When collecting RWD it is important to monitor this data to ensure it provides accurate and reliable insight. This is where WEP’s Clinical Research Associates (CRAs) come in. Our role is multifaceted and involves collaboration with many key stakeholders. Below I have outlined our main activities, to highlight the importance of a strong Clinical Monitoring team, when collecting data in an EAP.
Collaborate with stakeholders – including the Sponsor, cross-functional WEP Leads, and Regulatory Bodies – to ensure appropriate data collection and monitoring processes are established.
- When a Sponsor decides they want to collect RWD, our first task is to educate them on what kind of data can be collected, the methods for doing so, and the country-specific monitoring regulations.
- This allows us to ensure the Sponsor’s data collection plan follows regulatory guidelines (e.g., FDA, EMA, MHRA) for EAPs.
- We ensure that the data to be collected aligns with the protocols and requirements, as each EAP is unique.
- We recognize that, just as each EAP is unique, each site and country also differs, with varying processes and regulations.
Work with Sites to ensure data collection is consistent across sites
- EAPs often involve multiple clinical sites with Site Staff (e.g., Healthcare Providers, Clinical Research Coordinators, Regulatory Specialists, Nurses, etc.) who have varying levels of expertise in clinical research.
- At the outset, we train Healthcare Providers and their Site Staff on data collection and reporting procedures for the EAP, ensuring that every Site Staff member across all sites understands their responsibilities.
- Throughout the EAP, we consistently engage with Site Staff to identify any missing, incomplete, or inconsistent data.
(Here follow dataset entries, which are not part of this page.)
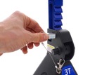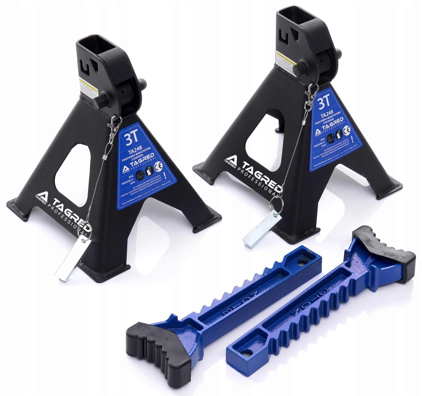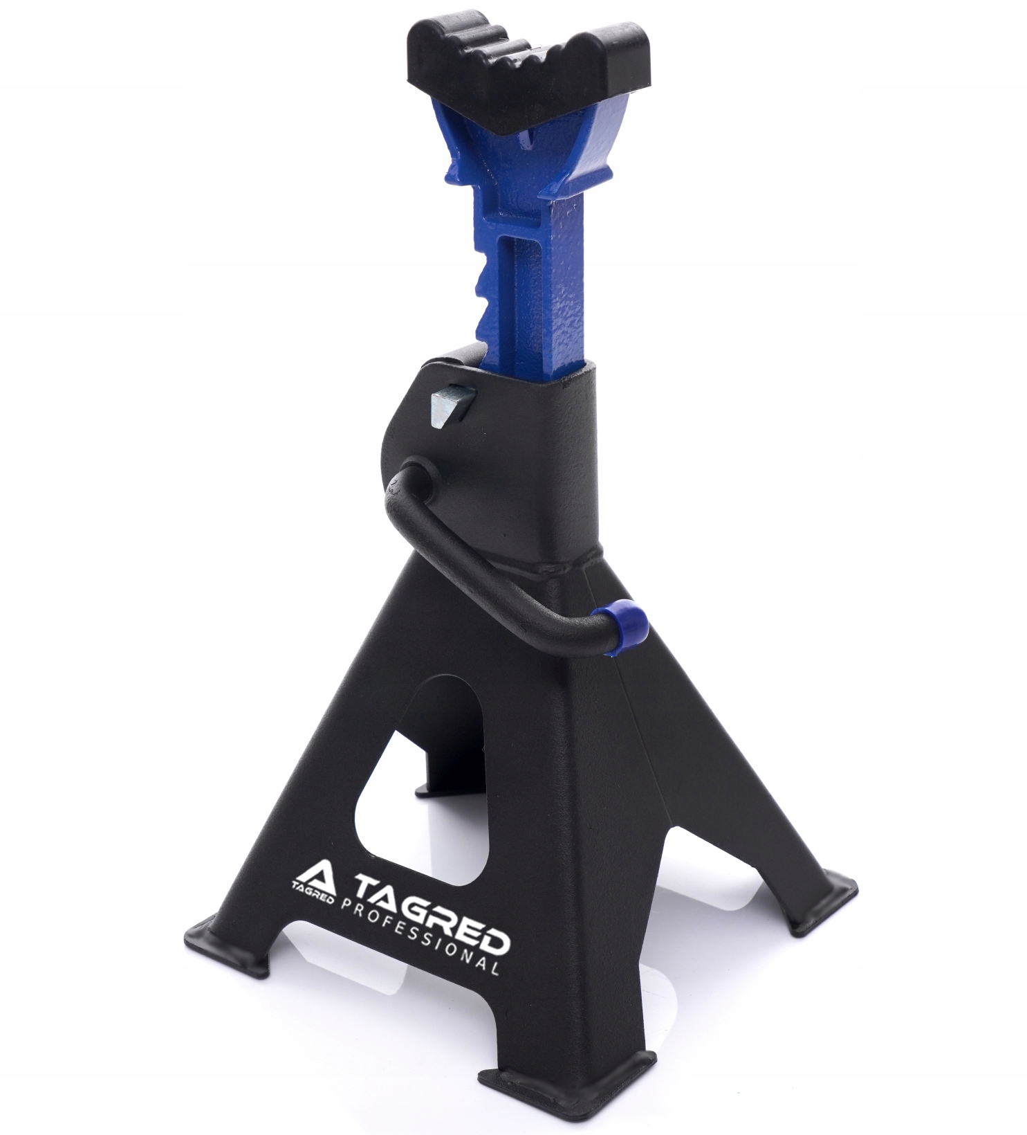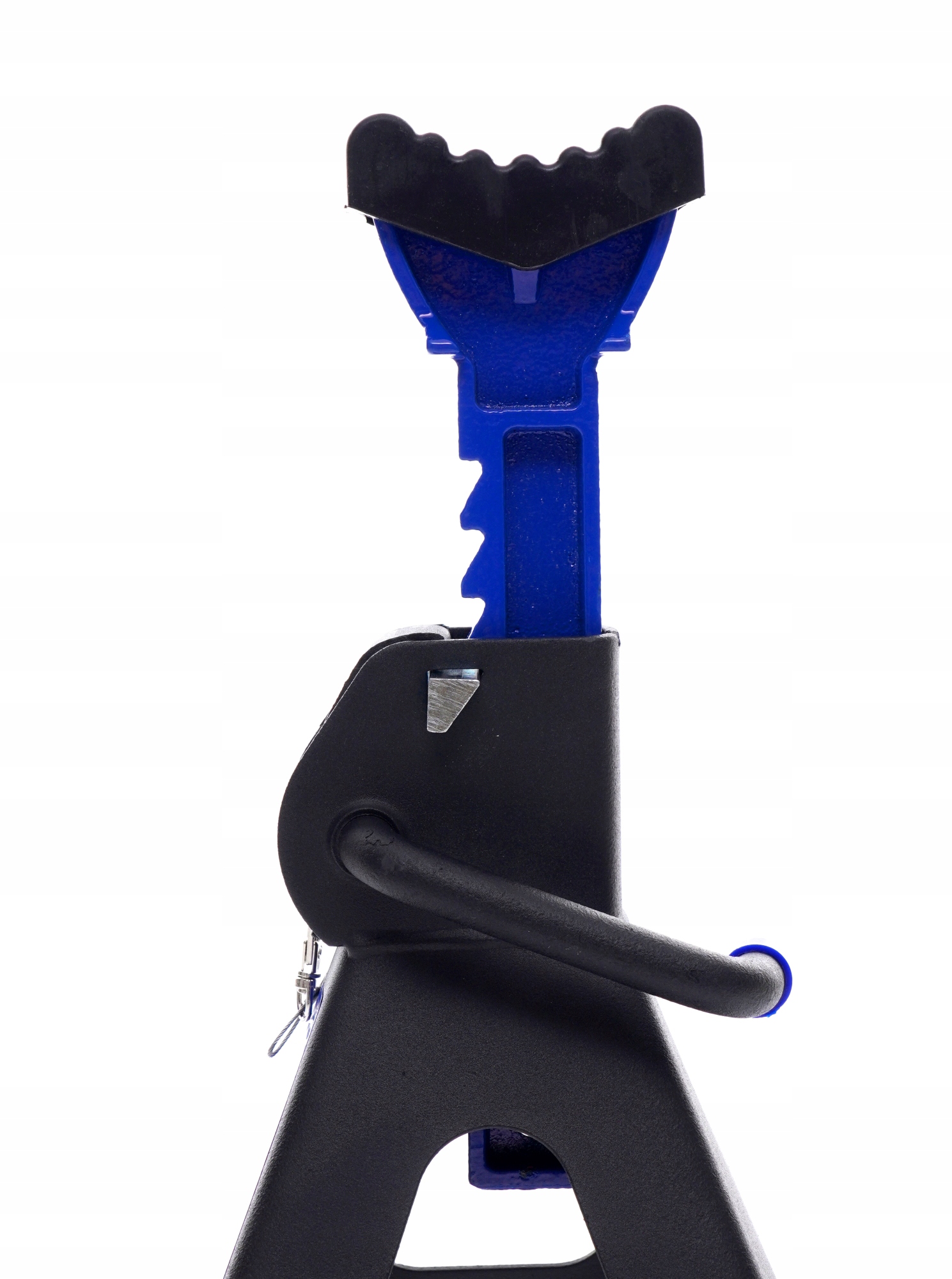 Специальная, дополнительная блокировка обеспечивает храповой механизм от случайного отъездом колонны опоры. Pin укомплектованный в стальной трос, прикрепленной к корпусу козлы, что защищает его от утери.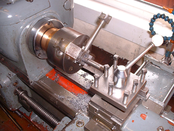 Once set up it's a doddle. Here we are on automatic feed reducing the rod down to the required size. I had the tailstock die box mounted and so just wound the fixture out of the way and ran the thread down on the lowest speed.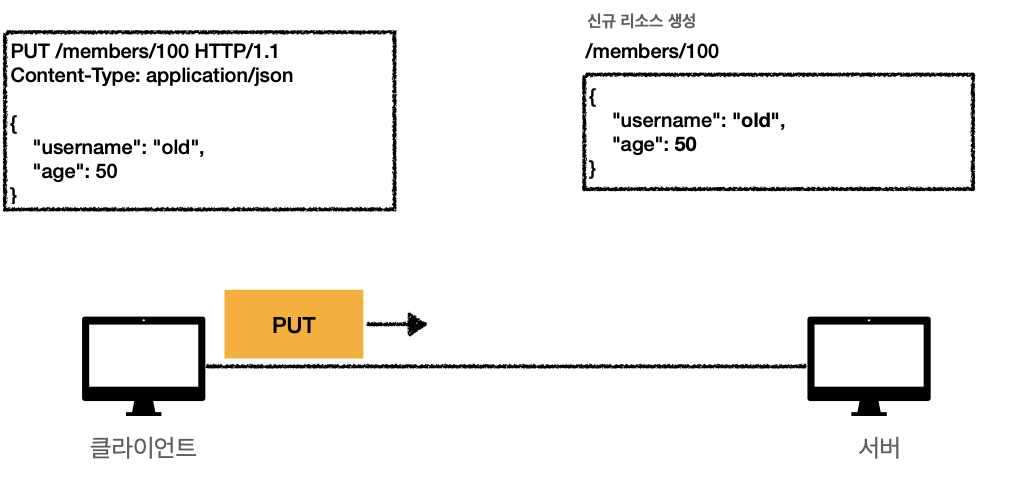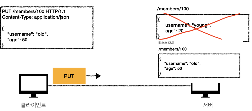 - PUT : 리소스를 대체, 해당 리소스가 없으면 생성

We understand how busy Site Staff can be and approach them with compassion and proactive collaboration.
- We work to resolve discrepancies and ensure issues are addressed, collaborating with the Site to implement corrective actions and prevent recurring challenges.
Use our technology and systems to ensure data integrity and reliability throughout the EAP
- We are responsible for confirming that the data entered into the electronic data capture (EDC) systems or paper case report forms (CRFs) or matches the patient’s original source documents.
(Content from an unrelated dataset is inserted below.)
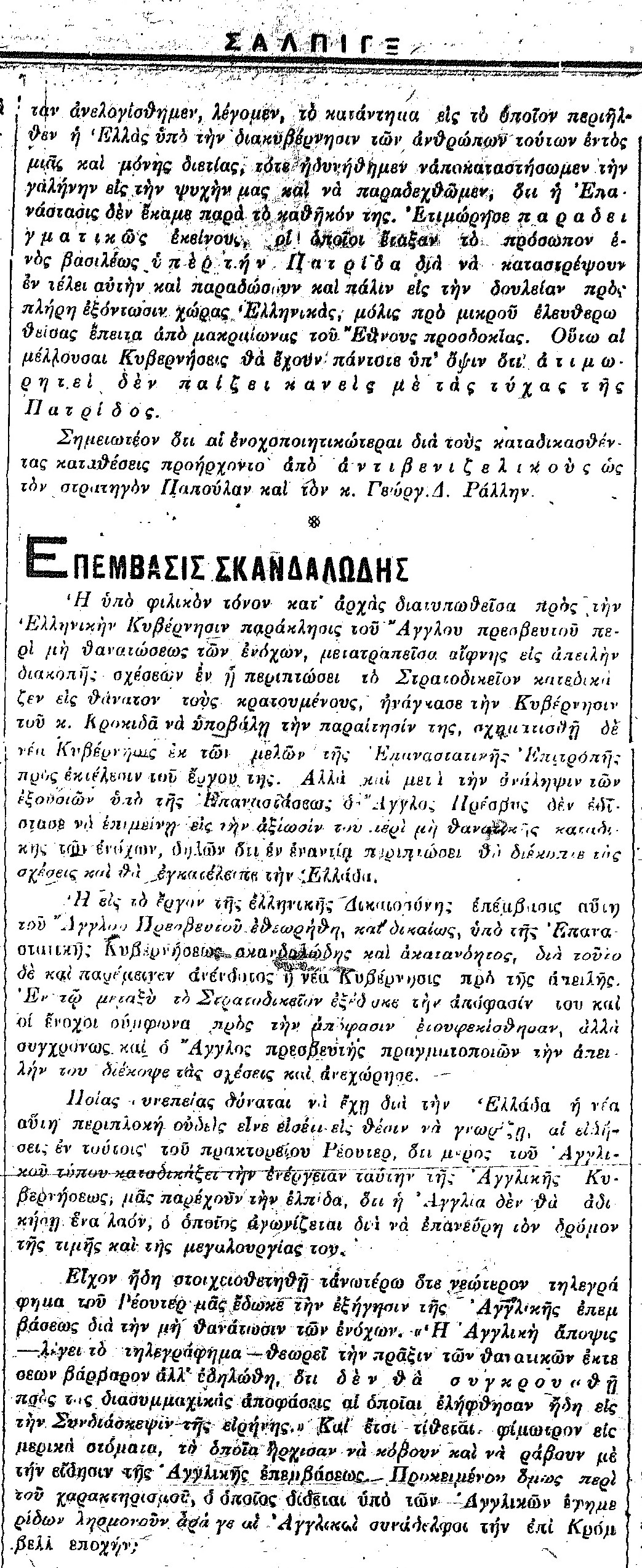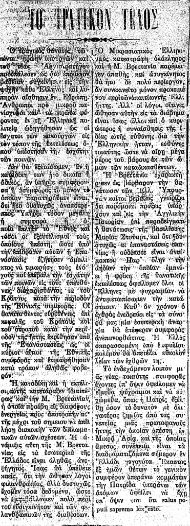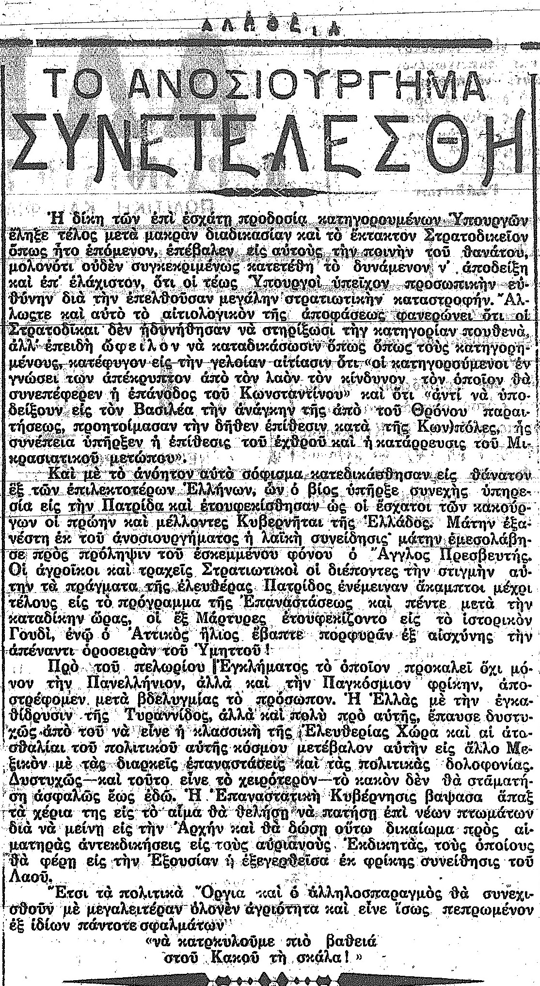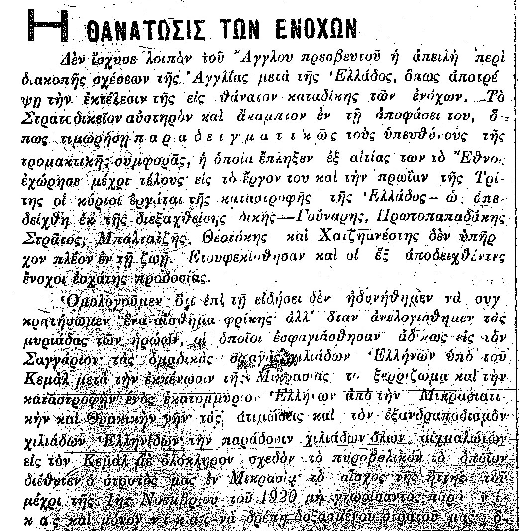 Δύο σχόλια της “Σάλπιγγος” υπέρ της εκτέλεσης. στο φύλλο 18 Νοεμβρίου / 1 Δεκεμβρίου 1922

- We implement checks and procedures to verify that the data being reported is accurate, complete, and reliable. These validation processes help ensure the quality and correctness of the information being collected.
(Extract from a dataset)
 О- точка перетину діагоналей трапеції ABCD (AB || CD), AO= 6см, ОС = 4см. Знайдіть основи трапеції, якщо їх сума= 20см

- If we identify any potential issues or inconsistencies within the data, we ensure timely intervention to maintain the reliability of the collected data.
Conclusion
We hope the outline demonstrates the crucial role that the Clinical Monitoring team serves at WEP. We help ensure that all patient data is reliable, regulatory-compliant, and supports safety assessments, ultimately contributing to better decision-making for both the Sponsors and Regulatory Bodies.